The election of Donald J. Trump as the 45th President of the United States has left a sizable amount of the population feeling concerned about what the next four to eight years would have in store for them. One such group is the Muslim American community, which faced ever increasing stigmatization in the years after the September 11th attacks. Both the campaign and subsequent election of Trump have increased incidents of bias against Muslims. But the apex of this occurred shortly after he took office.
In a controversial move, President Trump signed Executive Order 13769 into law. The order reduced the number of refugees that were allowed into the United States, suspended the U.S. Refugee Admissions Program for four months, and indefinitely barred entry for Syrian refugees. But the area of the order that attracted the most attention was a complete ban on immigration from countries that Homeland Security deemed as a threat to U.S. safety. In addition to Syria, these countries are identified as Iran, Iraq, Libya, Somalia, Sudan, and Yemen.
Enforcement of the new law began almost immediately by border officials. Reports soon came in about people from the aforementioned countries were barred from flights to the U.S, regardless of whether or not they had valid visas, to Muslim travellers that were just arriving to the U.S., only find themselves detained in the airport immediately after stepping off. In response, several states took the order to court and many of them blocked it. But it paled compared to the protests that followed in cities across the country.

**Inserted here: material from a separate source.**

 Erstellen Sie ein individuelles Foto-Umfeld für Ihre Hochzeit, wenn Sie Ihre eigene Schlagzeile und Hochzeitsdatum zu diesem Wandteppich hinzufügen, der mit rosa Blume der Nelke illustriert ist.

In various international airports across the country, including New York’s JFK Airport, lengthy protests were staged, calling for both an immediate repeal of the band and the release of detained passengers. But after protesting at the airports, some decided to take it even further and show New Yorkers what life could be like without Muslims.

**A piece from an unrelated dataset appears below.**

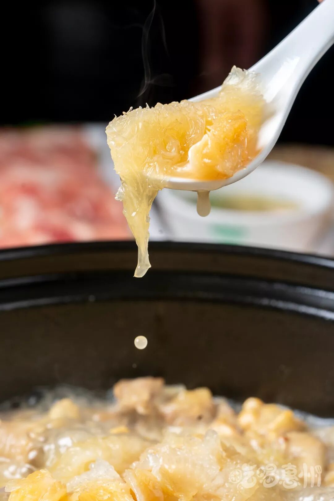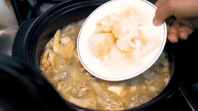 花胶鲜美,一煲分量十足,烹煮后的花胶很有弹性,美容又养颜。

On February 1st, delis and bodegas across the city, many of which are owned by Yemeni immigrants, closed down for eight hours in protest for the executive order. During the shutdown, a massive rally was held in front of Brooklyn’s Borough Hall for the rest of the evening. According to organizer Debbie Almontaser, a thousand businesses were involved in the shut down, with several other restaurants and stores participating out of support.
One such bodega that participated was the J.K. Deli And Grocery in Flushing, Queens. The store’s owner, Ali Mazumder, moved the U.S. in 1987 and has been operating the deli since the early 90s. “While thankfully nobody that I know was detained at JFK, I still felt that what Trump was doing wasn’t right and that he needed to get a loud and clear enough message from Muslims that he was doing more harm than good.”
While he was grateful by how customers were understanding towards him participating in the shutdown, Mazumder wishes that it didn’t have to come to a boycott. After spending years in the country and gradually establishing himself amongst the neighborhood with the store, Mazumder is disheartened by how quickly Trump managed to raise anti-Muslim sentiments both during the campaign and after his landslide victory. “Before Trump ever thought about running for any sort of public office, let alone president, I never once felt unwanted or scared because my background. After the election, reading stories about Muslims being profiled by strangers made me become more precautious whenever I’m not home. You never know when you might run into one of these crazy people.”
For now though, it’s business as usual in the city. Not just at J.K. Deli, but at the thousand other bodegas that voiced their opposition to Trump and his new immigration laws.